2. Plot the point [tex]\(P(5, -2)\)[/tex]:
- Move 5 units to the right from the origin (positive x-direction).
- Move 2 units down from there (negative y-direction).
- Mark the point [tex]\(P\)[/tex].
3. Draw the terminal arm:
- Draw a straight line from the origin [tex]\(O\)[/tex] to the point [tex]\(P\)[/tex].
4. Indicate the angle [tex]\(\theta\)[/tex]:
- The angle [tex]\(\theta\)[/tex] is measured counterclockwise from the positive x-axis to the terminal arm.

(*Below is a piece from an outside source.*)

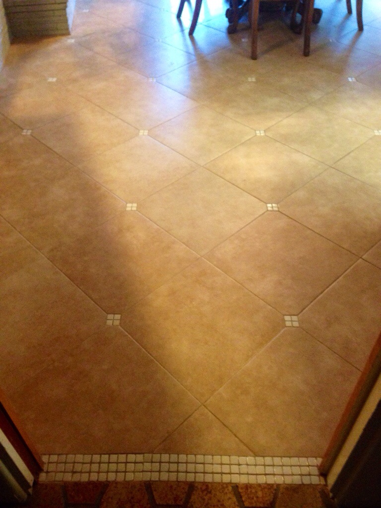 Once home, and still asking ourselves should we really do it, we cleaned and sanded each of the tiles.

### Finding the Related Acute Angle
The related acute angle is the angle formed by the terminal arm with the x-axis within the triangle formed, ignoring in which quadrant the terminal arm lies. To find this angle, we use the tangent function because we know the opposite side ([tex]\(y = -2\)[/tex]) and the adjacent side ([tex]\(x = 5\)[/tex]).
[tex]\[ \text{tan}(\text{related angle}) = \left| \frac{y}{x} \right| = \left| \frac{-2}{5} \right| = \frac{2}{5} \][/tex]

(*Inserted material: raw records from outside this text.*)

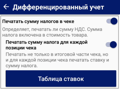Включение/выключение режима печати помимо итоговой части чека ставки и суммы налога для каждой позиции чека.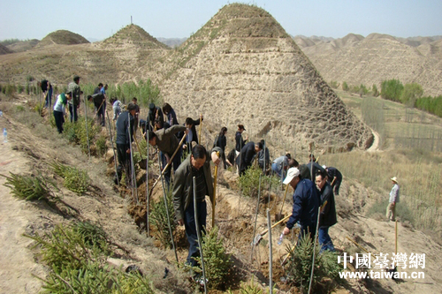 臺商臺生在甘肅“隴臺親情林”開展植樹活動。(甘肅省臺辦 李紅 攝)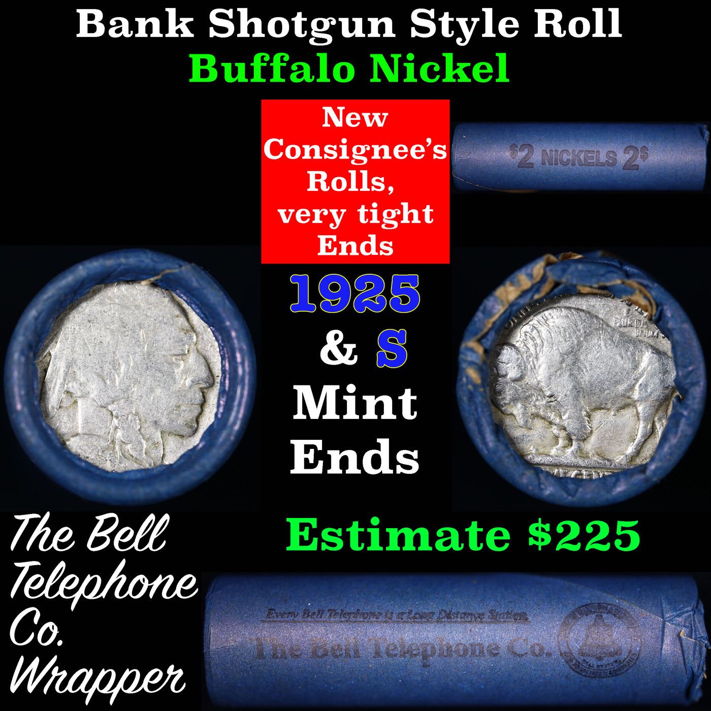 Buffalo Nickel Shotgun Roll in Old Bank Style 'Bell Telephone' Wrapper 1925 & S Mint Ends. The roll is held in an old, rare "Bell Telephone Co." Bank style wrapper. This is the Bell Telephone logo from the 1960's. They are all frrom one Estate. The ends on these rolls are very tight. We will guarantee they are all full dates.

The related acute angle ([tex]\(\alpha\)[/tex]) can be found by taking the arctangent (inverse tangent):
[tex]\[ \alpha = \arctan\left(\frac{2}{5}\right) \][/tex]
This gives us the related acute angle to be approximately [tex]\(21.801\)[/tex] degrees.
Rounding to the nearest degree:
[tex]\[ \alpha \approx 22^{\circ} \][/tex]
### Determining the Terminal Angle
To determine the terminal angle [tex]\(\theta\)[/tex], we need to consider in which quadrant the point [tex]\(P\)[/tex] lies. The coordinates [tex]\( (5, -2) \)[/tex] place point [tex]\( P \)[/tex] in the fourth quadrant.
In the fourth quadrant, the terminal angle ([tex]\(\theta\)[/tex]) can be calculated using:
[tex]\[ \theta = 360^{\circ} - \text{related angle} \][/tex]
Thus:
[tex]\[ \theta = 360^{\circ} - 21.801^{\circ} \approx 338^{\circ} \][/tex]
Rounding to the nearest degree:
[tex]\[ \theta \approx 338^{\circ} \][/tex]
### Summary
- a. The related acute angle is [tex]\(\mathbf{22^{\circ}}\)[/tex].
- b. The terminal angle is [tex]\(\mathbf{338^{\circ}}\)[/tex].
These steps and outcomes correctly determine the related acute angle and the terminal angle for the point [tex]\(P(5, -2)\)[/tex].
### Diagram
1. Draw the coordinate system:
- Label the x-axis horizontally and the y-axis vertically.
- Mark the origin [tex]\(O (0, 0)\)[/tex].
2. Plot the point [tex]\(P(5, -2)\)[/tex]:
- Move 5 units to the right from the origin (positive x-direction).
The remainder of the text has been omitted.